A recent study has revealed that 70% of remote workers were clocking time on the weekends—even if it is just as simple as checking emails—and that employees experience increased anxiety, decreased quality of sleep, and lower relationship satisfaction because of having to attend to after-hours emails. Researcher Bill Beker calls this phenomenon “anticipatory stress,” or the feeling of always being ready to receive a work email beyond work hours.
This is why, according to a recent Forbes report, company leaders should create clear communication guidelines in helping their people have truly work-free evenings, weekends, and vacations.
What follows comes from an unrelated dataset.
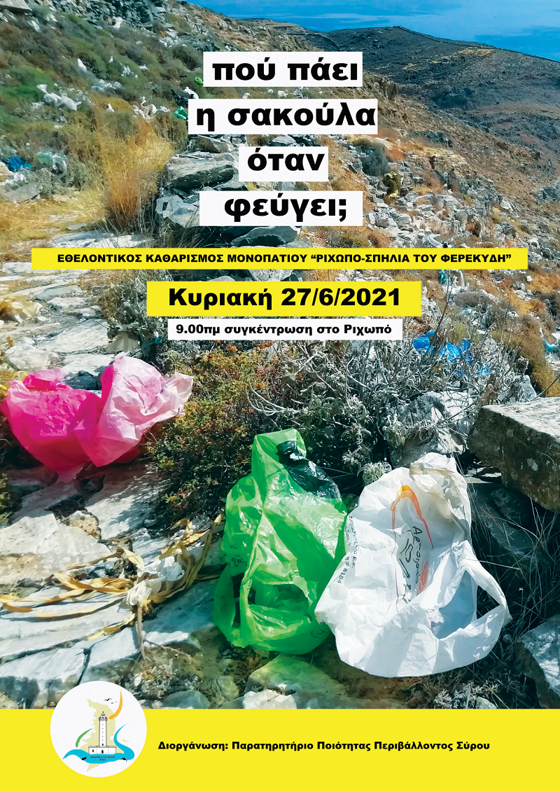 Ύστερα από την επιτυχημένη δράση καθαρισμού στις περιοχές Πανάχραντος, Πελεκανιά και Ανάσταση, είμαστε έτοιμοι για την δεύτερη δράση, αυτή τη φορά με πολύ μεγαλύτερο βαθμό δυσκολίας αλλά και ακόμα μεγαλύτερης σημασίας. Καλούμε τα μέλη, τους φίλους και κάθε πολίτη του νησιού σε εθελοντικό καθαρισμό της περιοχή γύρω από το μονοπάτι που οδηγεί στη σπηλιά του Φερεκύδη, με σημείο εκκίνησης το Ρηχωπό.

After all, the happiest and most productive employees are not exactly the ones who work themselves into the ground.
The Forbes report acknowledged TaskUs’s work-life balance initiative as an impressive effort to curb employee burnout. Particularly, in 2019, TaskUs implemented the “No chat weekends” policy, which discourages employees from sending business-related emails or chat messages during their days off.
“At TaskUs, we value our employees’ work-life balance and want to be sure they have time to reset after the workweek. We know that allowing this time to disconnect and take a break improves long-term productivity, happiness, and energy,” said Brandy Rosner, TaskUs’s Vice President of People Operations. “We encourage leaders to take their vacation time, truly disconnect from work, not check emails or messages, and have backup contacts in place while on PTO (paid time-off).”
The Forbes report also said that other companies can learn from TaskUs: “Like TaskUs, your organization can create a healthy policy around email communications—a policy that offers to increase employee happiness and productivity by clarifying when and how communication should occur at your company.”